INFORMATION SHOWN -
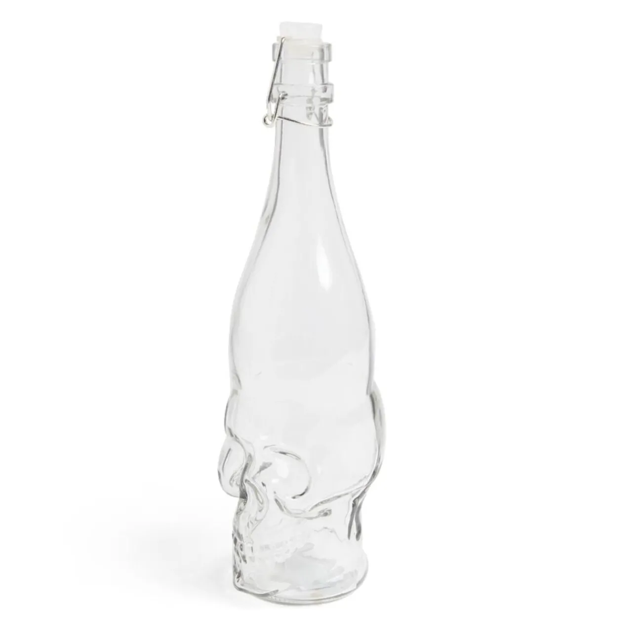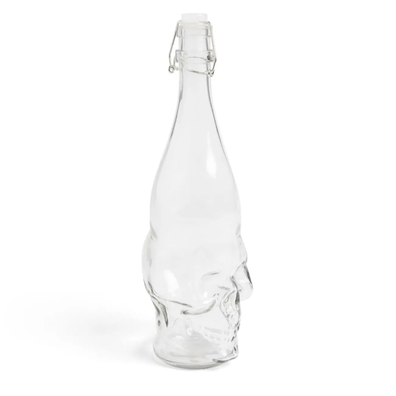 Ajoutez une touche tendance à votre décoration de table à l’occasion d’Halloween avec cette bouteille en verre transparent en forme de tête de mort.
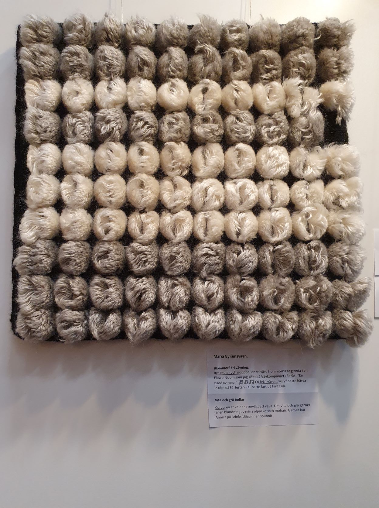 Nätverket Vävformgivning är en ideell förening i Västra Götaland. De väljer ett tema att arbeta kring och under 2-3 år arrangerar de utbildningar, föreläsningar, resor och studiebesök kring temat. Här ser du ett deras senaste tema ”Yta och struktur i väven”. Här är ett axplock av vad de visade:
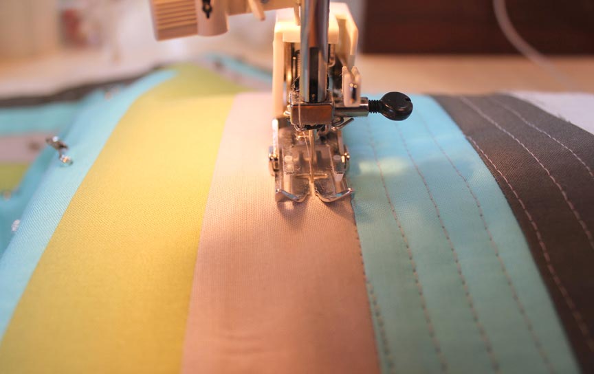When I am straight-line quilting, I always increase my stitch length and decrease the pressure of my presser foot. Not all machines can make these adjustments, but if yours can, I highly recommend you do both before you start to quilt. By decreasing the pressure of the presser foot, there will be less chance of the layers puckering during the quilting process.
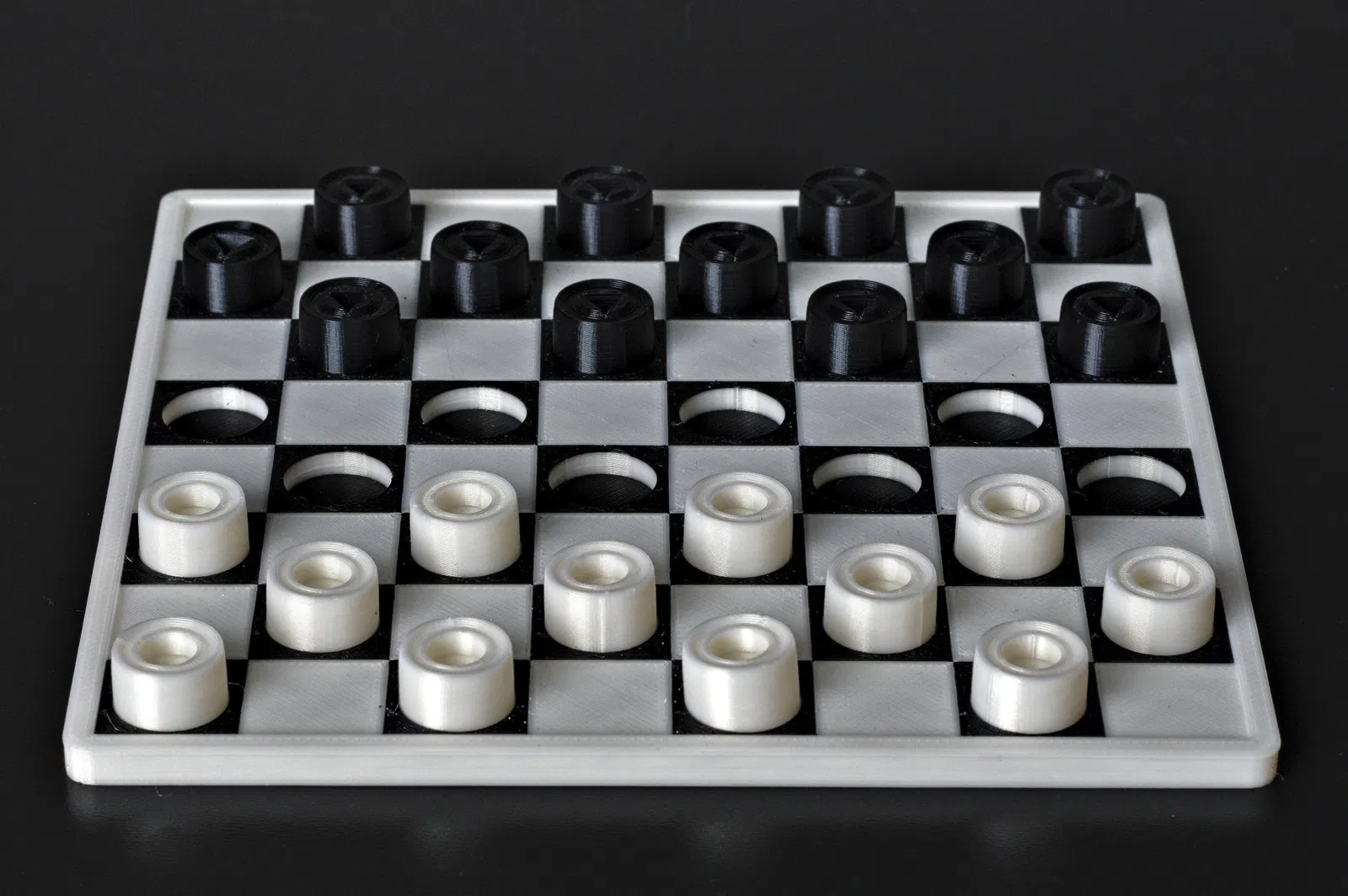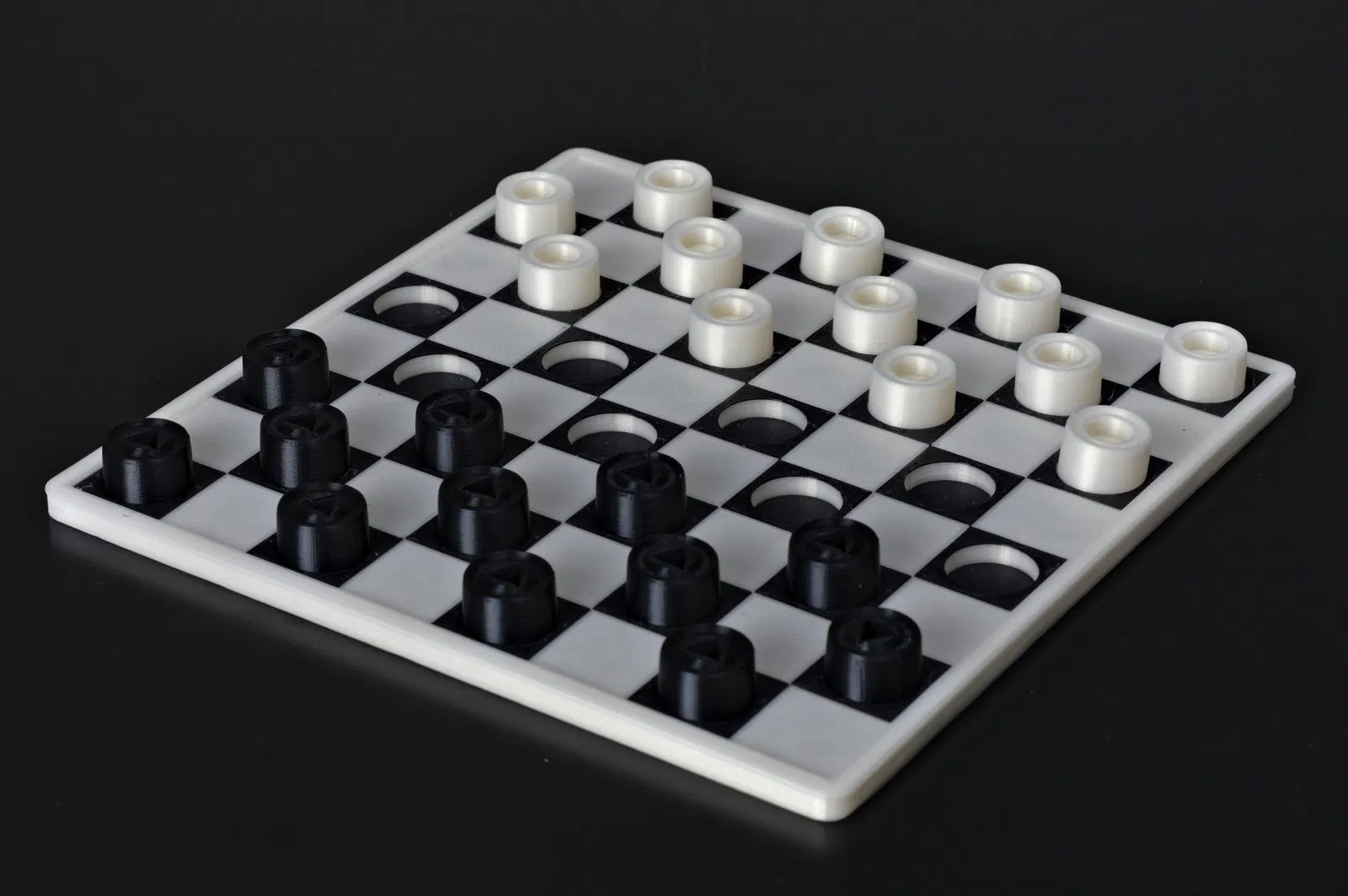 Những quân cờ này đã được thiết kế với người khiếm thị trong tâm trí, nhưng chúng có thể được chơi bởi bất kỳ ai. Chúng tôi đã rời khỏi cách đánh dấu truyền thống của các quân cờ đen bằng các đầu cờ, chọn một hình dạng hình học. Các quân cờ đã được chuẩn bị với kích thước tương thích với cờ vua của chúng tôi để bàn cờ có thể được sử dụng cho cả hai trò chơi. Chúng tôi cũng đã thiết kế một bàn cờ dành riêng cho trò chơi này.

WHAT THE TASK ASKS - Please copy the data shown above word for word, omitting the pictures.

SOLUTION TO THE PROBLEM -
 Ajoutez une touche tendance à votre décoration de table à l’occasion d’Halloween avec cette bouteille en verre transparent en forme de tête de mort.
 Nätverket Vävformgivning är en ideell förening i Västra Götaland. De väljer ett tema att arbeta kring och under 2-3 år arrangerar de utbildningar, föreläsningar, resor och studiebesök kring temat. Här ser du ett deras senaste tema ”Yta och struktur i väven”. Här är ett axplock av vad de visade:
When I am straight-line quilting, I always increase my stitch length and decrease the pressure of my presser foot. Not all machines can make these adjustments, but if yours can, I highly recommend you do both before you start to quilt. By decreasing the pressure of the presser foot, there will be less chance of the layers puckering during the quilting process.
 Những quân cờ này đã được thiết kế với người khiếm thị trong tâm trí, nhưng chúng có thể được chơi bởi bất kỳ ai. Chúng tôi đã rời khỏi cách đánh dấu truyền thống của các quân cờ đen bằng các đầu cờ, chọn một hình dạng hình học. Các quân cờ đã được chuẩn bị với kích thước tương thích với cờ vua của chúng tôi để bàn cờ có thể được sử dụng cho cả hai trò chơi. Chúng tôi cũng đã thiết kế một bàn cờ dành riêng cho trò chơi này.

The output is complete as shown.